Spartacus as a Service (SaaS): Privacy Through Obfuscation and the Right to Be Forgotten

The Third Servile War was over. The slave army has been defeated, and the survivors are offered a pardon by their Roman captors. The only requirement was that they identify Spartacus, their leader (Kirk Douglas). Rather than give away his identity, however, they all begin to yell out “I’m Spartacus!”—thus preserving his anonymity by overwhelming the Romans with possibilities. (Spoiler alert: they all die as a result.) What lesson can we learn from them about preserving privacy through obscurity?

The right to be forgotten has been held as fundamental human right by various governments. The recent Facebook scandal and a series of large scale breaches has centered the discussion on the privacy implications of this right. Most people agree that the right to be forgotten should allow users to remove accounts and material that they have created in the past¬—but how easy is it to disappear from online social media and networks in an effort to preserve one’s privacy? 

A sample identity (and its associated accounts across 26 different sites) demonstrates how difficult deletion is for end users. Governments have not mandated these privacy protections for users—and even if they had, enforcement would be problematic; there is little incentive for businesses to prune existing user data.

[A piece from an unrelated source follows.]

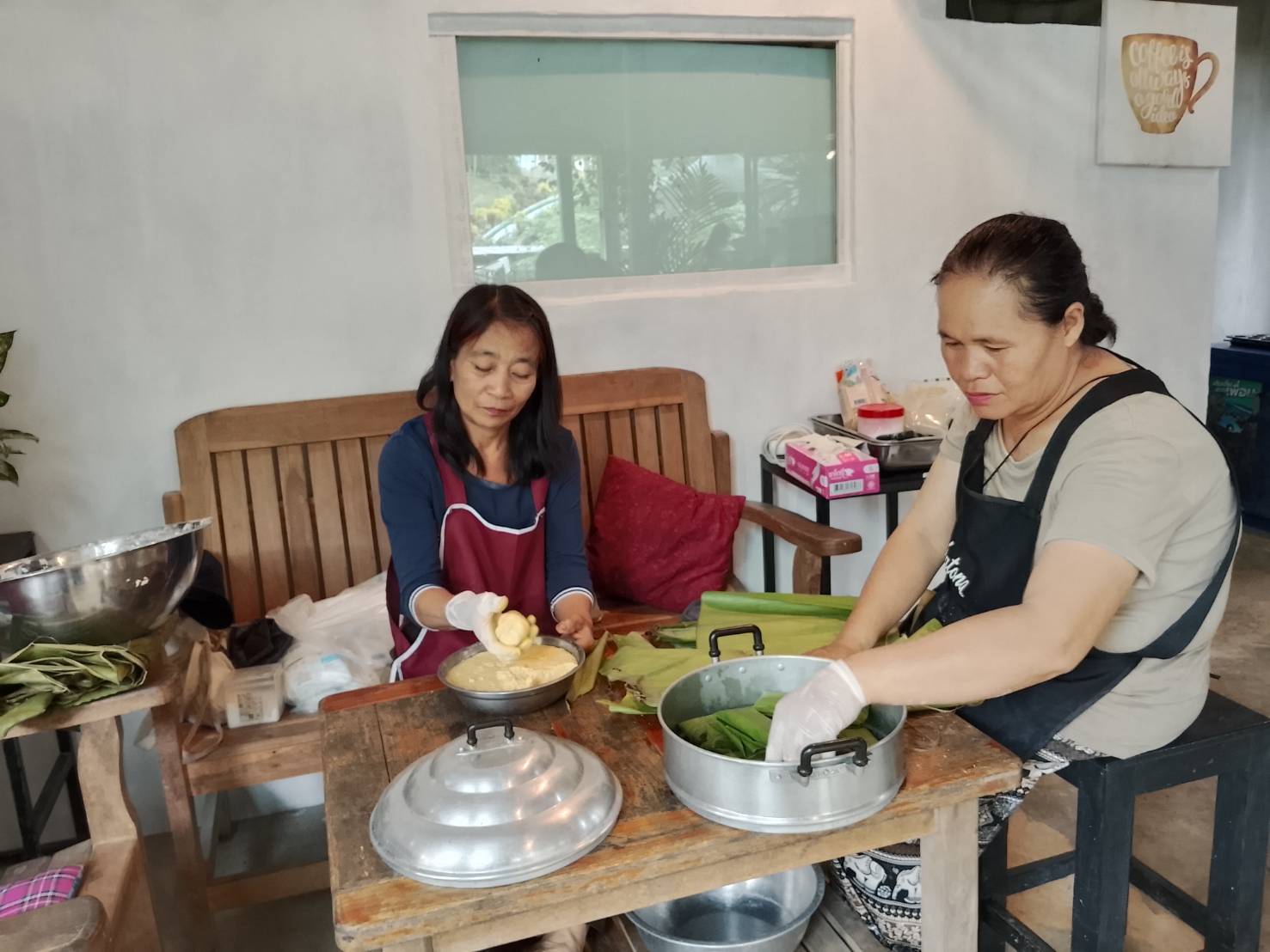 กิจกรรมที่ 1การยกระดับผลิตภัณฑ์ชุมชนเข้าสู่มาตรฐานของชุมชนบ้านนาตอง และจัดแสดงสินค้าชุมชน โดยวิทยากร เภสัชกรหญิง รติพร สำเภานนท์ สำนักงานสาธารณสุขจังหวัด และผู้ช่วยศาสตราจารย์ ดร.สมบัติ กันบุตร ในวันที่ 23 พฤษภาคม 2568

Since users cannot rely on governments to ensure privacy, a different method of privacy assurance is proposed: privacy through obfuscation. Existing accounts and personal data may be protected through obfuscation techniques, common in other research such as location cloaking. An open-source proof-of-concept (“Spartacus as a Service”) is presented that allows for these techniques to be employed on several well-known online applications. This prototype seeks to ensure that privacy is maintained without relying on organizations removing all data from their systems—effectively yelling “I’m Spartacus!” on behalf of the user.

Key takeaways:

• See how current regulation around the Right to Be Forgotten continues to lag behind real-world use cases and end-user’s base expectations.
• Understand how privacy must be a consideration for services going forward—as systems are built, they must consider how to dispose of information and data responsibly; new legislation and regulations are coming that will seek to enforce the Right to be Forgotten.
• Internalize that ensuring privacy may not always mean deletion or removal of data—obfuscation of identities, data, etc. may be enough to preserve relative anonymity. 
• Explore various methods of obfuscation that might apply in different environments and organizations.